Amatheon Agri Holding N.V. (the "Company" or "Amatheon"), the Euronext listed agribusiness and farming group, announces that it has successfully raised EUR 10 million in equity through the issue of new shares (the "Transaction"). This increases the Company's share capital by 24 per cent.

At an extraordinary general meeting of shareholders of the Company held on 27 December 2012 the general meeting of the Company resolved to transfer the authority to the Management Board to, subject to approval of the Supervisory Board of the Company, (i) issue new shares in the capital of the Company (the New Shares and each a New Share) up to 30% of the entire issued share capital of the Company on a fully diluted basis (the Share Issue); and (ii) exclude or limit pre-emptive rights of the Company's existing shareholders in connection to the Share Issue and which authorities were granted for a period of five years until 31 December 2017 (the "Authorisation").

Pursuant to the Authorisation, the Management Board, with the approval of the Supervisory Board, issued 20,562,769 New Shares to Sapinda Holding B.V..

The subscription price per New Share was determined in tranches, being 77 eurocents for 3,896,103 New Shares calculated as equal to the average closing price of the current issued shares in the capital of the Company quoted on the Marché Libre of Euronext in Paris between 1 and 30 May 2017. The subscription price for the second tranche of 16,666,666 New Shares was determined as equal to the average closing price on the Marché Libre between 26 May and 4 December 2017, being 42 eurocents.

The equity increase is an important stabilising step for the Company after the successful restructuring of its EUR 125 million bond (ISIN DE000A1ZML05) in April 2017. The Transaction paves the way for future capital raising and expansion of the business from 2018.

In line with Amatheon's business strategy, the proceeds of the Transaction will be used to fund the expansion of its current operations in Zambia, Zimbabwe and Uganda. The immediate focus will remain on building replicable agro and food value clusters in each of these countries.

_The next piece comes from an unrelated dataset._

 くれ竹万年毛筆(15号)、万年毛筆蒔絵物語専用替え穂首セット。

The Management Board Berlin, Germany, 19 December 2017

For further information please see the Group's website www.amatheon-agri.com. All communications to the Group or the Management Board in connection with the foregoing must be addressed as follows:

Amatheon Agri Holding N.V. Friedrichstrasse 95, 10117 Berlin, Germany Tel: +49 30 53 000 90 00 Fax: +49 30 53 000 90 20 email: r.french@amatheon-agri.com

This press release is an advertisement and not a prospectus and not an offer of securities for sale in any jurisdiction, including in or into the United States of America, Australia, Canada or Japan or any jurisdiction in which offers or sales of the securities would be prohibited by applicable law. Neither this press release nor anything contained herein shall form the basis of, or be relied upon in connection with, any offer or commitment whatsoever in any jurisdiction. No prospectus will be prepared in connection with the offering of the securities referred to herein. The securities referred to herein may not be offered to the public in any jurisdiction in circumstances which would require the issuer and its advisors or any of their respective affiliates, or any person acting on behalf of thereof, to prepare and register any prospectus or offering document relating to the securities referred to herein in such jurisdiction.

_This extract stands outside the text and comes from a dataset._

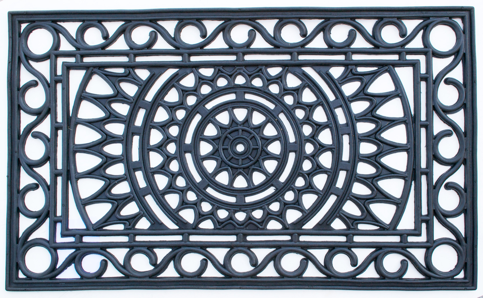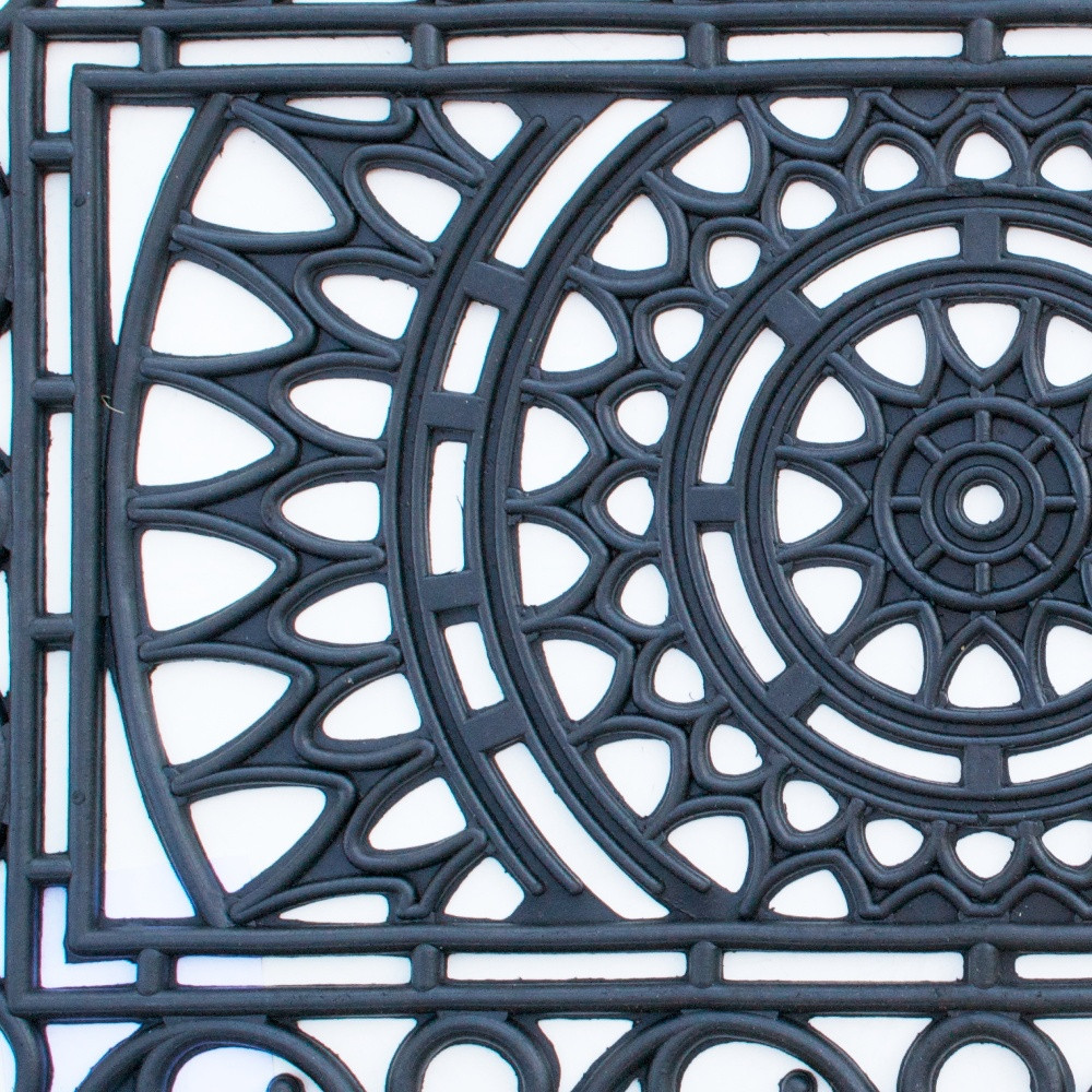 Ready to withstand heavy foot traffic, this 18-inch x 30-inch black rubber outdoor door mat is an ideal option for the front door or entrance way of your home or business. Crafted from rubber, this mat is not only functional but is a visually appealing accessory to welcome people to your home or business. Add this decorative mat to create a practical yet inviting welcome to all who enter. 18-inch H x 30-inch W x 0.5-inch D

The securities referred to herein may not be offered or sold in the United States of America (as defined in Regulation S under the U.S. Securities Act of 1933, as amended (the "Securities Act")) absent registration under the Securities Act or another exemption from, or in a transaction not subject to, the registration requirements of the Securities Act. Subject to certain exceptions, the securities referred to herein may not be offered or sold in Australia, Canada or Japan or to, or for the account or benefit of, any national, resident or citizen of Australia, Canada or Japan. The offer and sale of the securities referred to herein has not been and will not be registered under the Securities Act or under the applicable securities laws of Australia, Canada or Japan. There will be no public offer of the securities in the United States of America, Australia, Canada or Japan.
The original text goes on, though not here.